When faced with almost certain death Spike refuses Buffy’s plea to come with her, rather her sends her out to the world and commands her to take her place in it. He gives up his life so that she, and the rest of the world, might live. Earlier in the season we have seen Buffy refuse to allow Spike to quit, despite his demand that she kill him for everyone’s own safety. She doesn’t let him take the easy way out just as Spike will never let Buffy quit her job as the slayer. He knows that Buffy has a job to do and doesn’t ever separate the girl from the job or try, as others have done, to separate the two for his own purposes. They are a package deal and he understands that. Spike knows Buffy intimately and intellectually, her good, bad, ugly, pretty, dark and light – just as she knows the same of him.
Complete friendship requires virtue: virtue is found in strength of character, strength of character is found in will power. Buffy and Spike have both demonstrated personal willpower on many occasions, the difference comes to their relationship when they master the will power to resist the purely sexual urges that they had previously allowed to drive it. Again, I reiterate, it is not that Spuffy sex is bad and should never happen again. The value of their season seven relationship is that it is a time of revaluation, renewal; it is when they really get to know and value each other with the assistance of all the data gathered during their history together. The result is an intense, trusting friendship that encompasses honesty, affection, loyalty and love – complete friendship. On a very basic level, he satisfies her need for the ‘bad boy’ while she gratifies his long-held attraction to slayers in general. Each fulfils for the other the need for an element of danger without the relationship being fetishistic or inappropriate.

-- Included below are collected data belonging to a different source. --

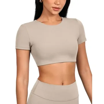 INGIA Women's Crew Neck Short Sleeve Crop Top - Comfortable Padded Yoga Shirt
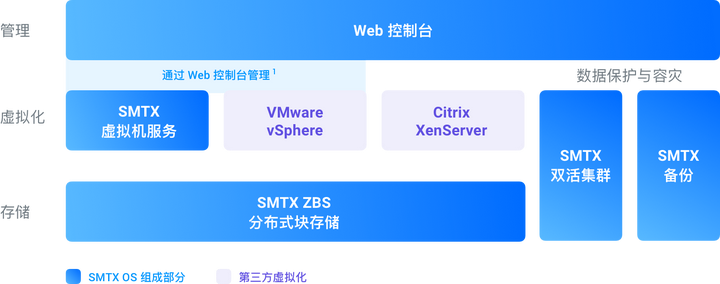 由于很多读者对超融合构成还比较混淆,以下以 SmartX 的超融合软件 SMTX OS 为例说明分布式存储和其他模块的关系。
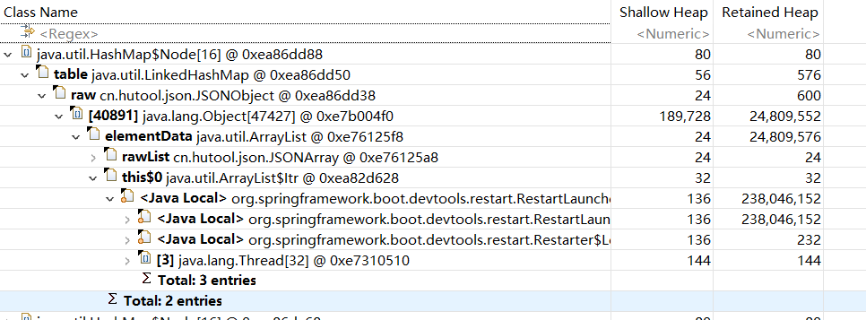 正是因为这样一个为了保证数据散列均摊且还能顺序遍历的数据结构,导致仅仅10w条的数据占用了大量的内存,从而导致了OOM。
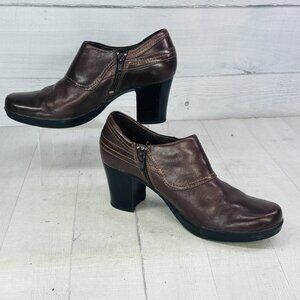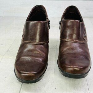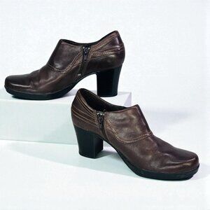 Clarks Womens Leather Ankle Boot Zip Block Heel Size Approx US 6M
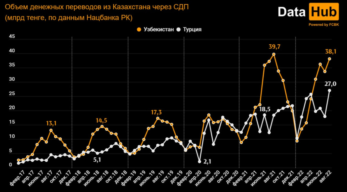 Близки к рекордным значениям и отправления в Узбекистан. В августе из Казахстана было переведено 38,1 миллиарда тенге. Больше было лишь однажды — в августе 2021г. (39,7 миллиарда тенге).
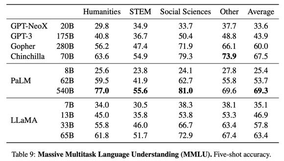 经比较,研究人员发现,拥有650亿参数的LLaMA在大多数领域平均落后于拥有700亿参数的Chinchilla和拥有5400亿参数的PaLM几个百分点。
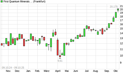 Mit dem Anstieg auf 20,18 EUR hat die First Quantum Minerals-Aktie (ISIN CA3359341052) am 08.10.2025 ein neues 12-Monats-Hoch erreicht und damit den Kurs vom 07.10.2025 eingestellt.
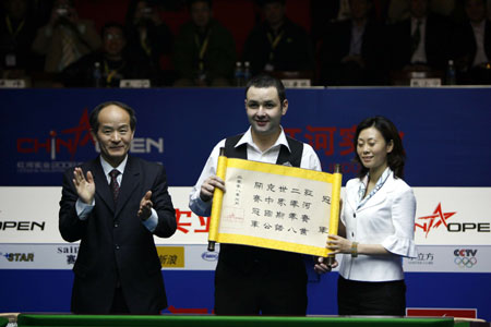 Stephen Maguire from Scotland (Center) poses with his trophy of the 2008 World Snooker China Open in Beijing March 30, 2008. Maguire beat Shaun Murphy from England in the final. [Xinhua]
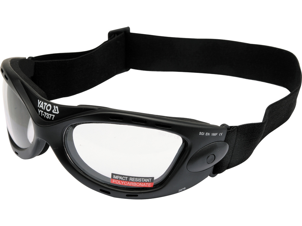 Profesjonalne gogle ochronne marki YATO, przeznaczone do ochrony oczu przed odpryskami, pyłem oraz cząstkami stałymi podczas pracy w trudnych warunkach (np. budowa, przemysł, obróbka mechaniczna, szlifowanie, cięcie).
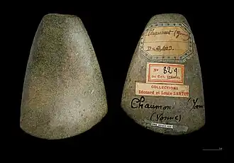 Une extrémité de hache en jadéite, du Néolithique, a été trouvé à Chaumont. Elle a fait partie de la collection d'Édouard puis de Louis Lartet.
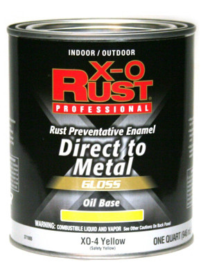 XO-4, Premium X-O Rust, QT, Safety Yellow, Interior/Exterior Gloss Oil Base, Anti Rust Enamel, VOC Less Than 400 Grams Per Litre. vendor ID: 51896 Price/Unit: 11.99EA model: XO4-QT
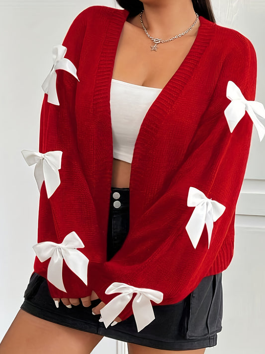 Plus Size - Women'S Casual V-Neck Cardigan with Playful Bow Details - Red, Long Sleeve, Button-Up Front, Lightweight & Breathable for Spring/Fall, Perfect for Casual Attire or Vacation Style, Spring Outerwear | Vneck Design |
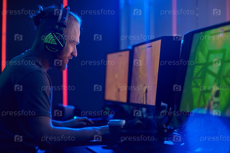 Человек играет в темном классе компьютеров
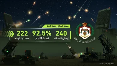 الجيش الأردني يعلن اعتراض 222 هدفاً جوياً بنسبة نجاح بلغت 92.5% منذ بدء المواجهات الإقليمية
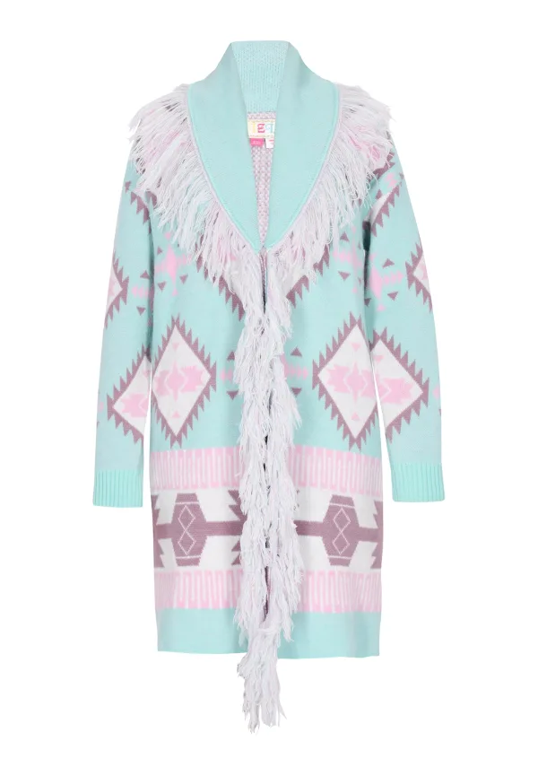 Design: Rechte zoom; Materiaal: Knitwear; Motief: Aztec print; Details: Franjes; Extra's: All-over patroon; Pasvorm: Normale pasvorm; Armlengte: Lange mouw; Lengte: Lange pasvorm

Buffy and Spike are complete friends in a true sense. They value each other for their own sake; they trust each other, know each other, accept the good, bad and the ugly about each other and still share a bond that is as close, if not closer than any in the Buffyverse (perhaps only rivalled by Angel and Cordelia). This relationship stands as Buffy’s best chance for a satisfying, equal relationship that includes both complete friendship and erotic love. Buffy and Spike are physically compatible, are attracted to one another, have satisfying sex and have an intellectually intimate connection.

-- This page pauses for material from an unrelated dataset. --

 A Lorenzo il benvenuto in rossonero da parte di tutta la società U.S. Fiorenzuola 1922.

One can only hope that some day, in some circumstance Buffy and Spike can be reunited to allow their love to continue on the road that they’d venture so far down (because, great muppity Odin, she misses that sex!)

The End.

1 comment:

Anonymous said...

Excellent, well written, soccinct, a pleasure to read, and I agree with you completely. The only thing that I would add is Buffy's growing loyalty (which only slipped one time upon the return of Giles at the end of Season 6 when they share a laugh about her "sleeping with Spike." Given the developments of Season 7, that scene is both disloyal on Buffy's part and not indicative of Giles' true, much more sinister feelings about the relationship.